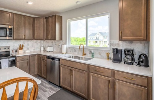 This brand-new home has lots of beds and amenities for families and medium-size groups! There is a kid's bunk room with toys, games, and smart TV will entertain the kids for hours. Parents and adults will be able to relax in luxurious bedrooms with king and queen beds. There is a fold-out futon in the king room for an extra sleeper. They can then visit and entertain in the fully furnished living space, with reclining furniture. The fully equipped kitchen will be a pleasure for preparing delicious meals! Portable pack-and-play crib and high chair are available for infants.
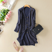 花线毛衣外套女2016秋冬装新款韩范针织开衫中长款宽松显瘦针织衫
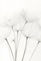 Een ingetogen zwart-wit fotografische studie van paardenbloempluizen die als verfijnde dansers tegen een lichte achtergrond zweven. De delicate lijnen van de zaden creëren een subtiel spel van licht en schaduw, waarbij de ragfijne structuren een bijna abstracte compositie vormen die rust en lichtheid uitstraalt.
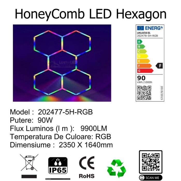 Set 5 HoneyComb LED Hexagon Luminos RGB – Colorat Smart cu Telecomandă 90W 235×164 cm

Task instructions
In the copy, no pictures are to appear; write out exactly the lines from the one containing "花线毛衣外套女2016秋冬装新款韩范针织开衫中长款宽松显瘦针织衫" through the end of the listing above and no further lines.

Response area
 花线毛衣外套女2016秋冬装新款韩范针织开衫中长款宽松显瘦针织衫
 Een ingetogen zwart-wit fotografische studie van paardenbloempluizen die als verfijnde dansers tegen een lichte achtergrond zweven. De delicate lijnen van de zaden creëren een subtiel spel van licht en schaduw, waarbij de ragfijne structuren een bijna abstracte compositie vormen die rust en lichtheid uitstraalt.
 Set 5 HoneyComb LED Hexagon Luminos RGB – Colorat Smart cu Telecomandă 90W 235×164 cm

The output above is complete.